**TASK DESCRIPTION**
Set down, exactly as written, the lines from the line holding "Hasil tinjauan Gempak" to the end of the data, inclusive, skipping any pictures.

**DATASET CONTENT**
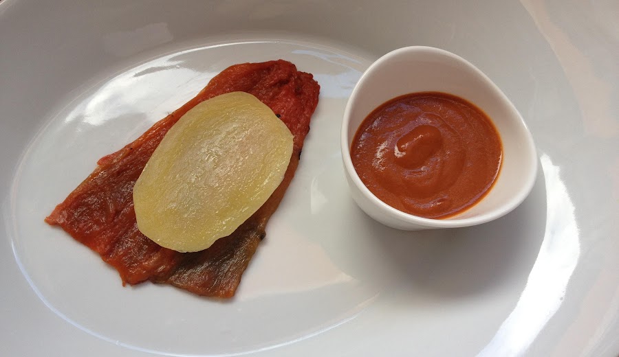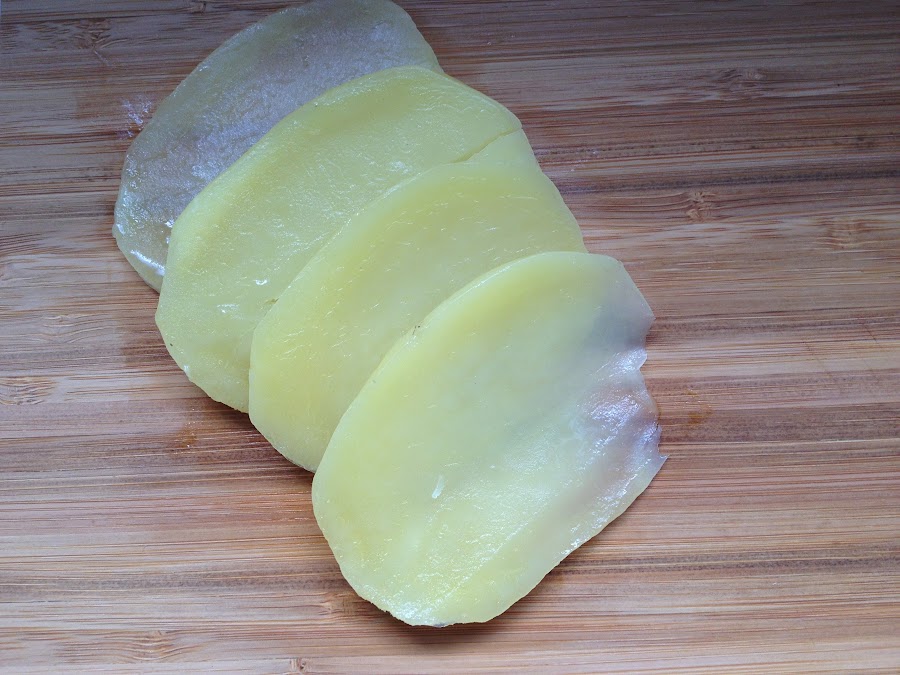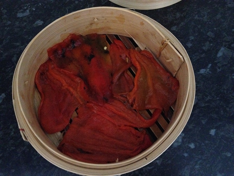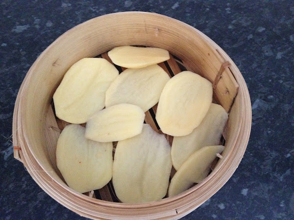 4- Fácil verdad?, ahora vamos a pelar nuestra patata y la cortamos en láminas, que las coceremos en la vaporera de bambú, junto a los pimientos rojos asados, os explico:
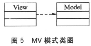 上面的两种程序设计模式已经很常见于PC上的应用软件设计,包括WEB应用或J2EE中的设计。但是通常来说,由于基于移动设备的J2ME应用软件复杂程度相对PC上的要低许多,有时候本来就只有几个类,如果完全照搬PC上的MVC模式,反而会使程序框架变得更加复杂。这时,可以采用以下的一种变形:MV模式(或称为MC-V或M-VC模式),如图5所示。
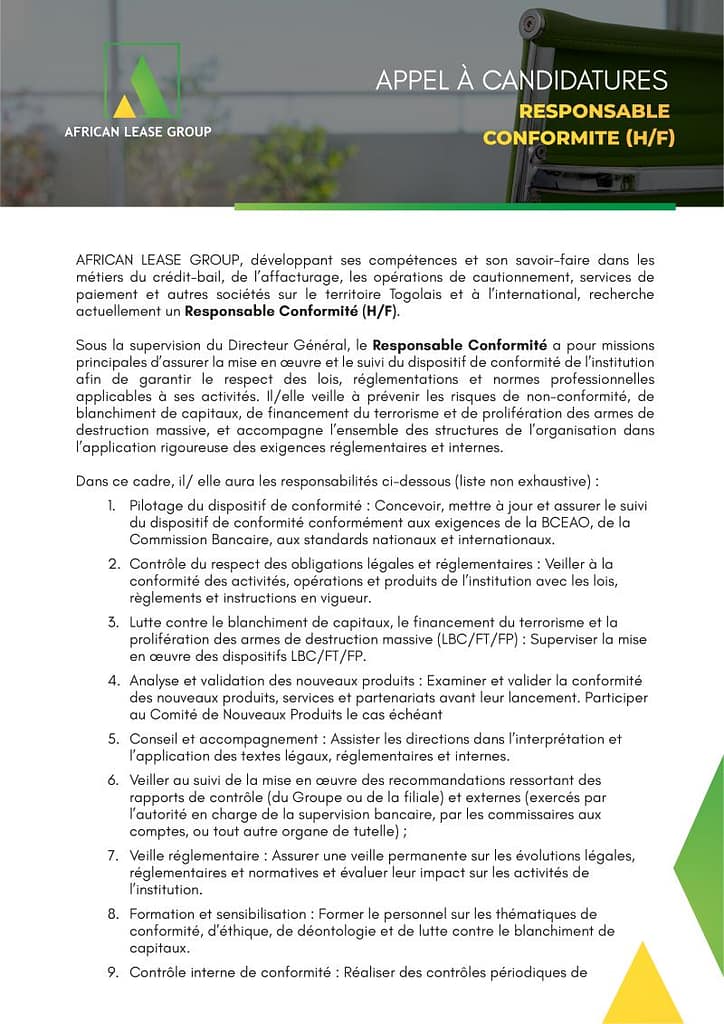 Acteur panafricain présent dans plusieurs pays de l’UMOA, intervenant dans le crédit-bail, l’affacturage, les opérations de cautionnement et les services de paiement, nous recherchons un(e) Responsable Conformité pour piloter et structurer l’ensemble du dispositif conformité du Groupe.
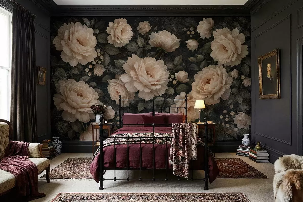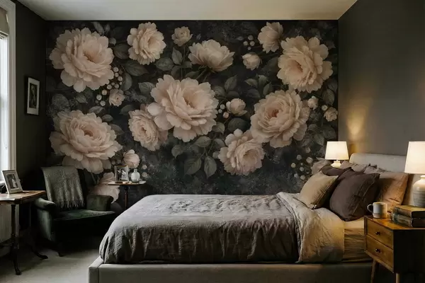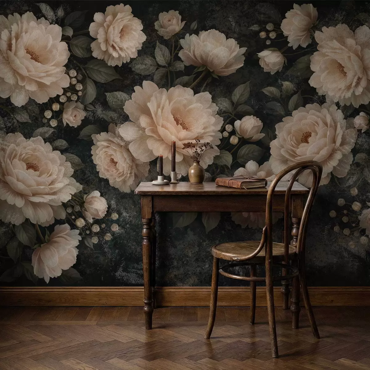 Fotomurales Flores voluminosas en tonos beige sobre fondo oscuro. Nr. w05114
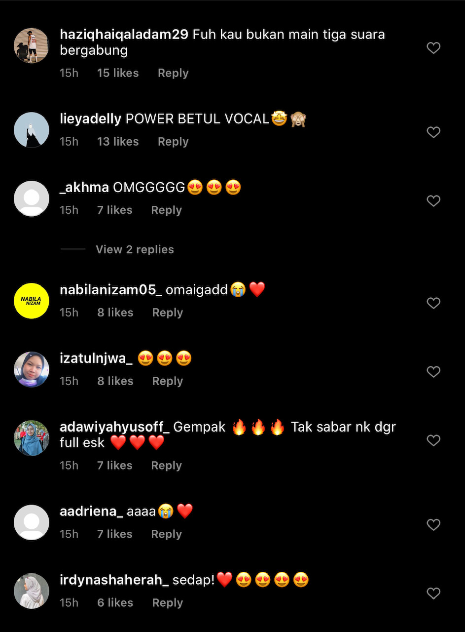Hasil tinjauan Gempak di ruang Instagram, rata-rata wargamaya dan rakan selebriti suka dengan hasil gabungan tiga penyanyi bersuara jantan ini.
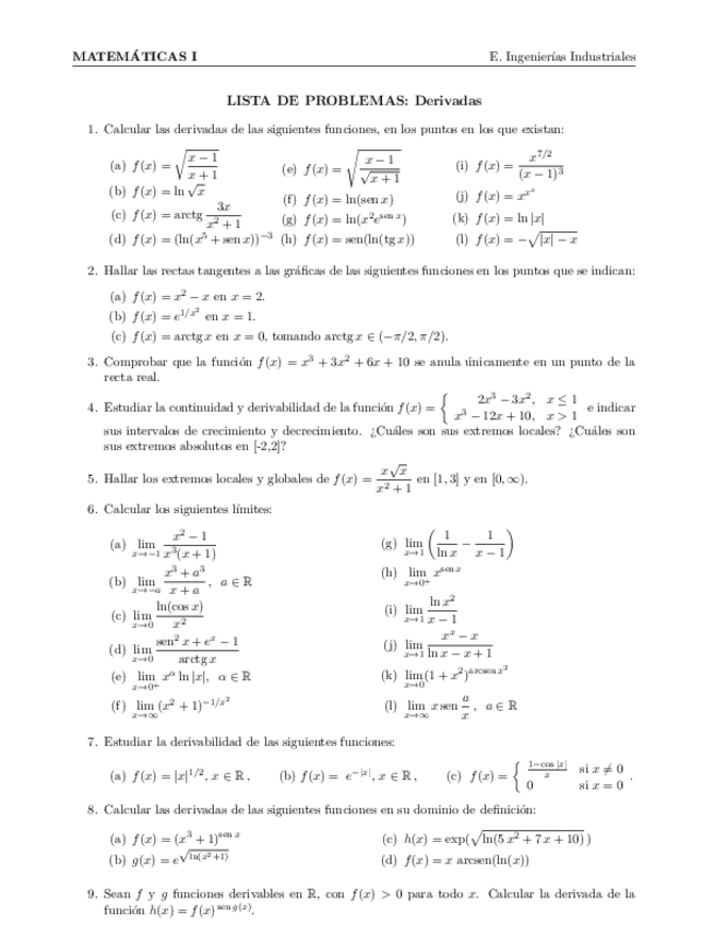 He publicado nuevos ejercicios de 1º Matemáticas I: Prob-Deriv-19-20.pdf

**WRITTEN RESPONSE**
Hasil tinjauan Gempak di ruang Instagram, rata-rata wargamaya dan rakan selebriti suka dengan hasil gabungan tiga penyanyi bersuara jantan ini.
 He publicado nuevos ejercicios de 1º Matemáticas I: Prob-Deriv-19-20.pdf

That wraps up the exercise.